We may shift the figure to pleasanter ground by grace of Samuel Butler, the Erewhonian. This brilliant, odd old gentleman, a bit of a scientist as well as a literary man, had a passion for transferring the terms and conceptions of biology to machinery and to man’s social relationships. Departing from the crustaceans, which grow new legs or tails as fast as the old are cut off, he said:

“What ... can be more distinct from a man than his banker or his solicitor? Yet these are commonly so much parts of him that he can no more cut them off and grow new ones than he can grow new legs or arms; neither must he wound his solicitor; a wound in the solicitor is a very serious thing. As for his bank,—failure of his bank’s action may be as fatal to a man as failure of his heart.... We can, indeed, grow butchers, bakers, and greengrocers, almost ad libitum, but these are low developments and correspond to skin, hair, or finger nails.”

I do not know whether it would be right to say that directors have grown artists with great assiduity in the past twenty years, or that the greatest of the directors have become as closely associated with particular artists as a well-to-do Englishman is with his banker or his solicitor. At any rate the name of Reinhardt is intimately associated with the name of Stern; Jessner has his Pirchan, Fehling his Strohbach; I have spoken of the close relationship of Weichert and Sievert, and I could point out similar identifications in America. An artist of a certain type has come into a very definite, creative connection with the art of production, and he has usually brought his contribution to the theater of a particular director.

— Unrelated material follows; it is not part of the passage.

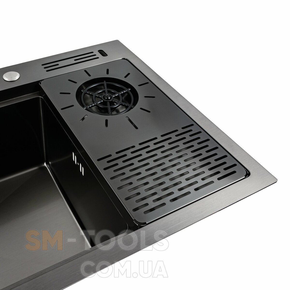 Особливості мийки : отвір під змішувач та дозатор + підставка для ножів
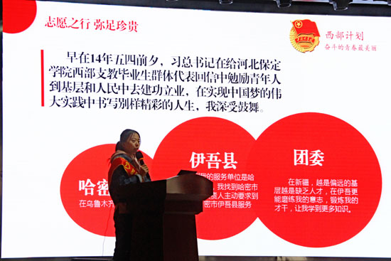 阿克苏地区团委党组副书记、宣讲团团长高凡解读了服务新疆专项的相关政策。王泽华等3名志愿者分别讲述了他们扎根西部、建功新疆的生动感人事迹和生活经历与志愿感悟,号召更多毕业生投身于西部,到祖国最需要的地方去放飞梦想,建功立业。

The designer is a modern product. He was unknown to Molière or Shakespeare; the tailor was their only artist. Except for incidental music, costume is the one field in which another talent than that of actor or director invaded the theater from Greek days until the last years of the seventeenth century. There were designers of scenery in the Renaissance, but they kept to the court masques. Inigo Jones would have been as astonished and as shocked as Shakespeare if anybody had suggested that he try to work upon the stage of the Globe Theater. The advent of Italian opera—a development easy to trace from the court masques—and the building of elaborate theaters to house its scenery, brought the painter upon the stage. The names of the flamboyant brothers Galli-Bibiena are the first great names to be met with in the annals of scene painting. And they were the last great names until Schinkel, the German architect, began in the early nineteenth century to seek a way of ridding the stage of the dull devices of the current scene painters. Scenery was not an invention of Realism; it was a much older thing. I doubt if any one more talented than a good carpenter or an interior decorator was needed to achieve the actuality which the realists demanded. When artists of distinction, or designers with a flair for the theater appeared at the stage door, it was because they saw Shakespeare or Goethe, von Hofmannsthal or Maeterlinck sending in their cards to Irving or Reinhardt or Stanislavsky.